Learn how the World Bank Group is helping countries with COVID-19 (coronavirus). Find Out

A Novel Approach to Disaster Risk Management: The Story of Mexico

October 1, 2014


Floods in Tabasco, 2007. From Flickr.

Elizabeth Sagastume (UN World Food Programme)

In November 2007, the state of Tabasco suffered its worst flood in the past 50 years. A week of heavy rains and storms inundated the oil-rich state and more than one million people - approximately 50% of its population - were affected. Thousands of families were trapped with no access to food and medicine, most of the state’s crops were destroyed and 70 percent of its schools were damaged. For days following the disaster, helicopters and boats were used to rescue persons trapped on rooftops and ferry them to safety. The natural disaster generated economic losses of $3 billion dollars and many of the victims lost everything they had.

Although the 2007 Tabasco floods are an exceptional example of the damage a single natural disaster can cause, natural disasters are commonplace in Mexico.  Approximately 41 percent of Mexico’s territory and 31 percent of its population are exposed to a range of natural hazards, including hurricanes, storms, floods, earthquakes and volcanic eruptions.  Between 1970 and 2009, natural disasters affected almost 60 million people in Mexico, a figure that could easily increase due to the impact of climate change on the intensity and frequency of natural hazards.

Disasters impose a significant burden on the federal government’s budget.  From 1999 to 2011, the cost of post-disaster reconstruction of public assets and low income housing, financed by the federal government, averaged US$1.46 billion per year.  The government incurred the highest costs in 2010 when major floods generated rehabilitation needs exceeding US$5 billion. Mexico’s individual states also have a heavy burden to bear as a result of damages caused by disasters.  Each year, the 32 states face contingent liabilities of over US$1 million for damages to state and municipally owned assets.  

While the occurrence of a natural hazard could be considered exogenous, its transformation into a disaster is not. As Mexico’s population continues to grow, problems such as unplanned and unregulated land use, lack of environmental controls and poor building standards become exacerbated.  These challenges, combined with a changing climate and increased climate variability, set the stage for increased losses and damages from natural events.   

Mexico and the World Bank 

For over a decade, the Government of Mexico and the World Bank have been working together to improve the country’s disaster risk management system and secure its economic and financial standing in the event of future disasters.  Mexico has one of the most sophisticated financial protection strategies against disasters amongst middle-income countries, as part of their overall Civil Protection system.  Over the years, it has been able to establish, and continuously improve, an effective system for allocating resources for emergency response, rehabilitation and reconstruction, built around the Natural Disasters Fund (FONDEN) and comprised of a variety of risk transfer instruments.

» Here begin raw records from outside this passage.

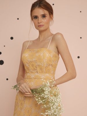 Floral and houndstooth print silk brocade coordinated bustier peplum top and skirt with piping and center front slit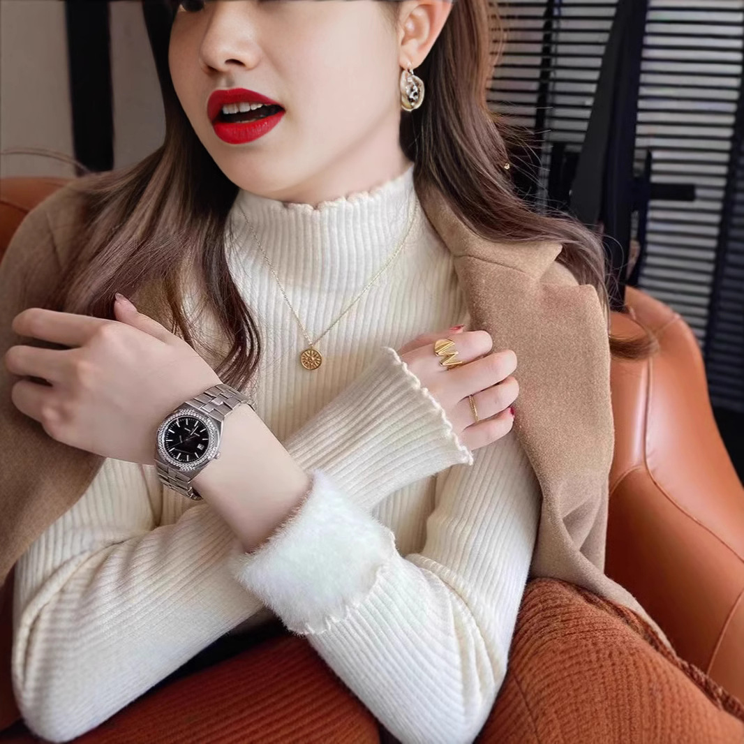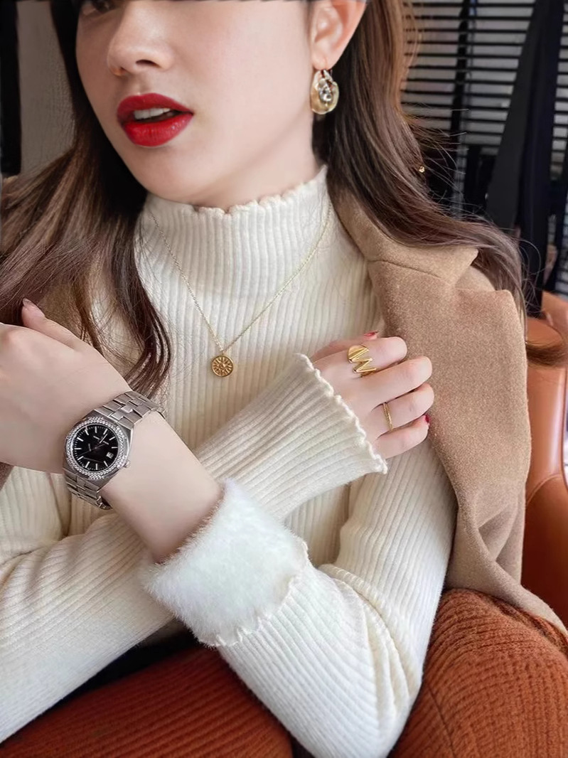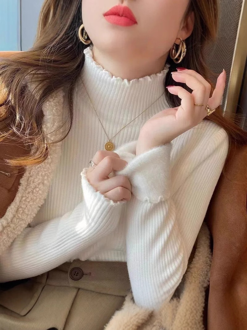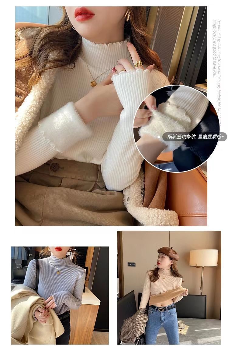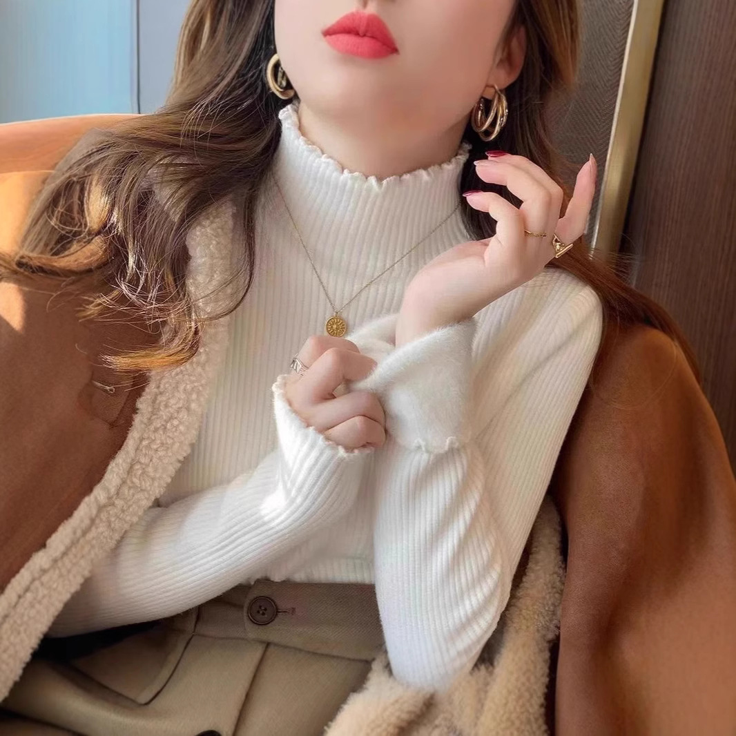 겨울 2024 새로운 폭발 여성 인테리어 원피스 벨벳 여성의 가을/겨울 슬림 핏 기모 두꺼운 미적 베이스 셔츠스토어 가기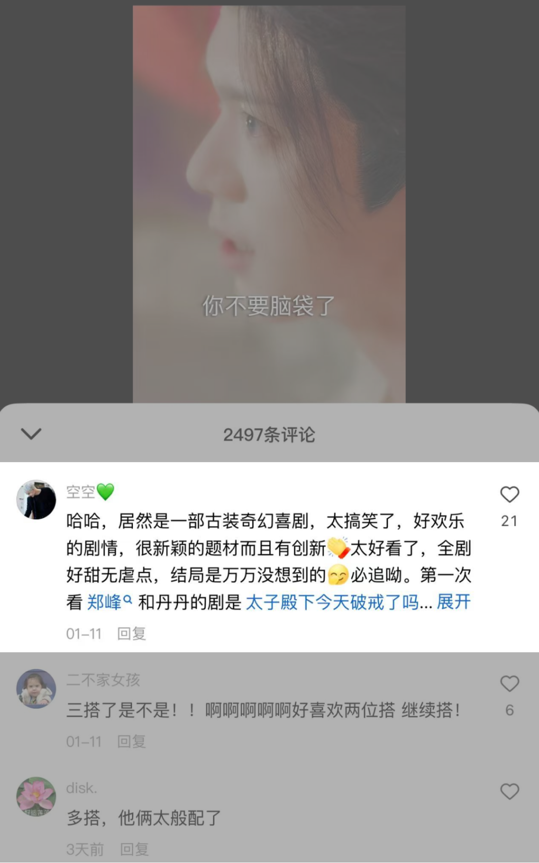 剧集更是收获观众“自来水”式安利,不仅被盛赞“剧情新颖欢乐,全程无虐点,堪称解压下饭神剧”,演员郑锋对男女主魂穿反差感的细腻演绎也获好评,剧中主演三搭的CP感更是成为热议焦点,高粘性互动与正面评价,印证了剧集内容与口碑的双重成功。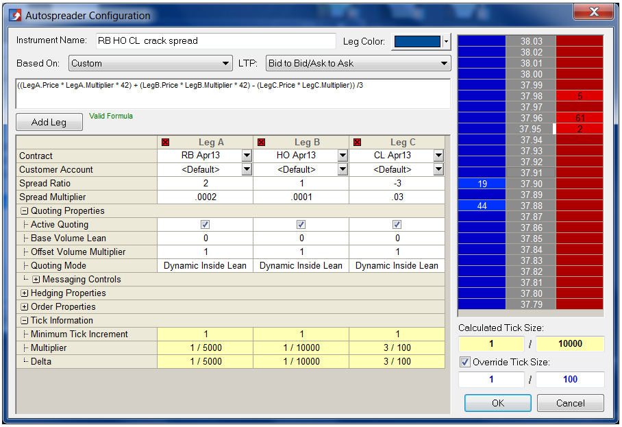 Based on user-defined parameters and the outright market prices for the spread legs, Autospreader calculates and displays a spread market where traders can submit spread orders at the desired spread price.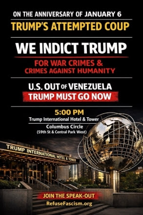 Five years after Trump’s attempted coup to overturn the results of the 2020 election, Refuse Fascism organizers say, “Enough is enough. The Trump Fascist Regime Must Go now!” In New York and Los Angeles, rallies will be held to read The People’s Indictment of Donald Trump: A Unified Declaration of Illegitimacy.
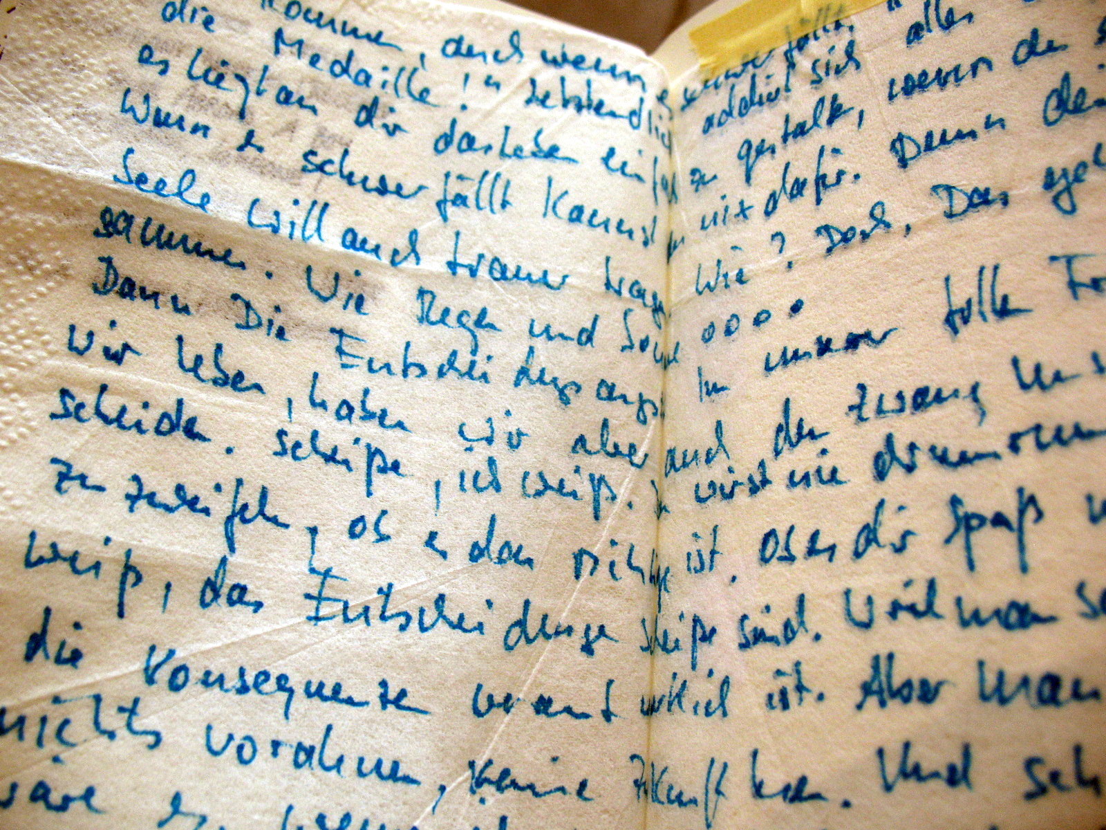 This was probably my favorite sketchbook of the 10 I viewed. It was beautifully put together, with neat text and line drawings laid out on the page just so, alongside envelopes containing restaurant napkins. Erik noticed that all the pages were masking-taped along their long edges, probably to make them easier to turn.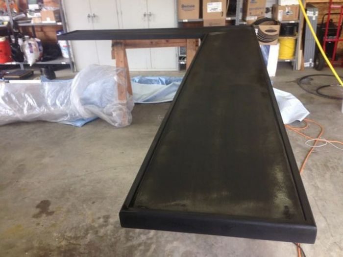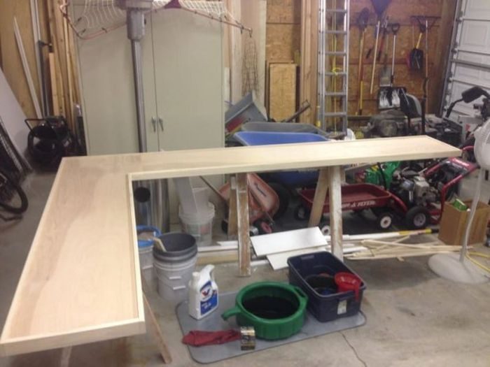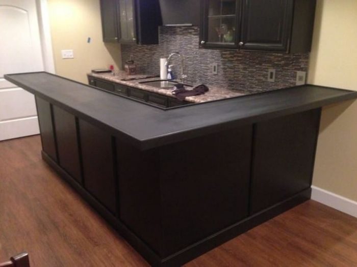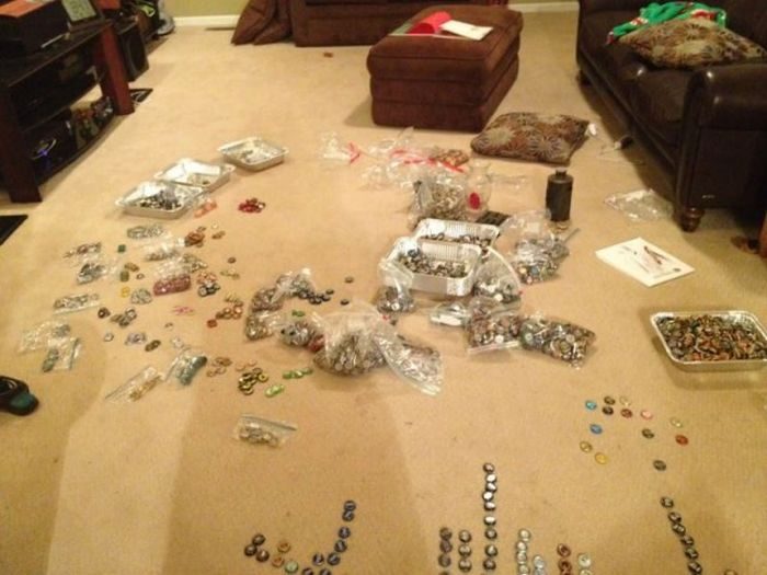 Используя коллекцию бутылочных крышек, которая собиралась в течение 5 лет, парень оборудовал свой домашний бар оригинальной столешницей.

The country’s ongoing commitment to developing innovative and sustainable financial protection strategies against disasters has significantly secured the country’s ability to respond to human and infrastructure needs in the event of disasters.  However, effective prevention and risk reduction and its linkages to the overall financial protection strategy against disasters remain the main challenge in disaster risk management for Mexico. Today, the collaboration between the Government of Mexico and the World Bank focuses on supporting this key challenge of gradually shifting from an ex-post response and reconstruction approach to disasters to an ex-ante prevention and risk reduction approach.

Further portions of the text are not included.